Inflation is the increase in the prices of goods and services across an economy. When prices inflate you need more money to buy the same things.

When the inflation rate as measured by the consumer price index (CPI) rises above the 2% rate favored by federal policymakers, it can indicate that inflation is getting out of control. The result can make it harder for consumers and businesses to reach their financial goals and to preserve their existing wealth.

Participants in the securities market are highly sensitive to forecasts of changes in inflation. This means that, as a rule, expectations of future inflation are already factored into prices for stocks and bonds, including inflation hedges. So these inflation hedges are most useful when unexpected inflation occurs. If the prevailing sentiment has been that inflation is on the way, the prices of securities can be counted on to already reflect that.
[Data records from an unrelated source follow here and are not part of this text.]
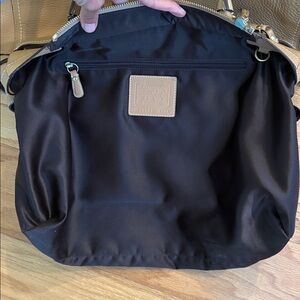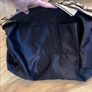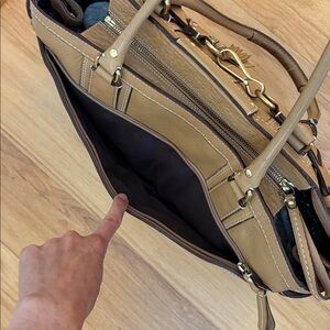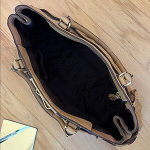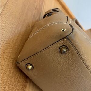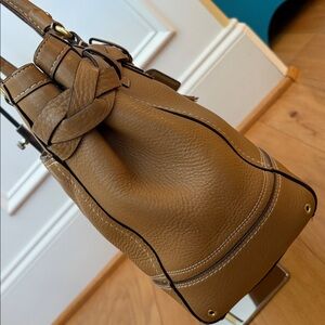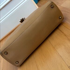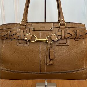 This is a beautiful large vintage coach handbag with stunning people leather. The hardware is gold in color. On the front it features a tassel with the classic leather coach hang tag. In the back is a large zipper pocket. The main part zipper is closed. Inside is a few slip pockets and on the opposite side is a zipper pocket. The coach creed is inside. There is also a D ring to hang your keys. The inside is extremely clean! What's unique about this bag is on each side is a snap so you can open it for a little extra room. When measuring the top from left to right it's approximately 15 1/2 inches across at the top. The bottom is approximately 16" x 5 1/2". At the widest part the bag is about 18 1/2 inches across. The bag is approximately 11 inches tall. It features gold toned hardware that shows minimal wear. There is a few marks to the leather mainly on the bottom corners and bottom of the bag. The metal feet show tarnishing. The bag was stuffed for photos. Don't let this collectible bag get away!. Inventory 34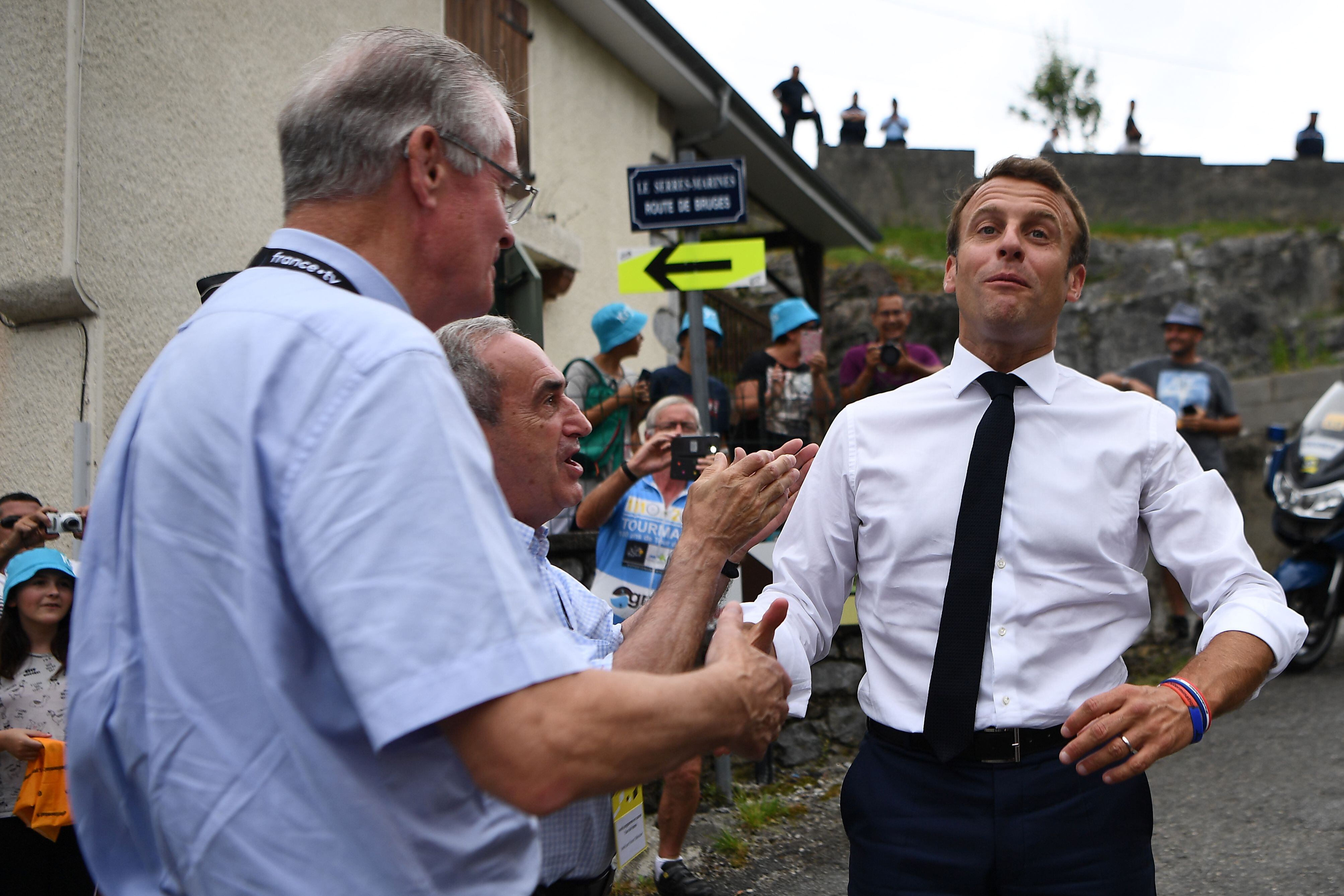 “Espero que rompa la maldición y gane la carrera”, le dijo Macron en la meta a Alaphilippe acerca de los 34 años que han pasado desde que Bernard Hinault fuera el último francés en ganar la ronda gala, logrando en 1985 su quinta corona.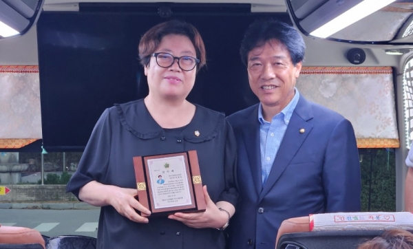 [충청뉴스큐] 서산시의회 가선숙 의원이 지난 19일 열린민주평화통일자문회의 서산시협의회 자문위원 역량강화‘이웃과 함께 아름다운 동행’에서 제21기 민주평화통일자문회의 서산시협의회 자문위원 일동으로부터 감사패를 받았다.
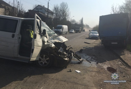 У результаті зіткнення водій автомобіля «Volkswagen Transporter» та його пассажирка, 47-річна жителька Житомирської області, отримали тілесні ушкодження. Жінку госпіталізували.

While there are a number of relatively complex strategies sophisticated investors use to counter the effects of inflation, here are six of the most common:

  1. Consumer staples

Some businesses tend to do better than others during inflationary spells, and those that sell consumer staples are often popular among inflation-hedgers. These include companies that sell basic foods like milk and bread and necessities such as toilet paper. Pharmaceuticals and utilities are also used as inflation hedges.

  1. Commodities

Businesses tied to natural resources and commodities are frequent refuges when inflation rises. This category encompasses numerous fields: industrial metals like copper and nickel; crude oil, natural gas and petroleum products; so-called “softs” like corn, timber and soybeans; precious metals, including platinum, palladium and silver. Prominent in the latter sector are gold and gold mining companies.

  1. Real estate

Investing in real estate investments, including real estate investment trusts are a popular response to inflation. These shares tend to pay dividends that outpace inflation and their underlying real estate assets tend to become more valuable during inflationary episodes, according to the real estate trade association Nareit. Owning actual real estate is also a good inflation hedge.

  1. Short-term bonds

Interest rates generally rise with inflation and that means fixed-income investments, especially longer-term ones, tend to lose value. Short-term fixed-income securities like bonds and other income securities can mitigate this effect because as rates rise new bond issues reflect the current interest environment. Money market fund returns are particularly closely tied to current interest rates.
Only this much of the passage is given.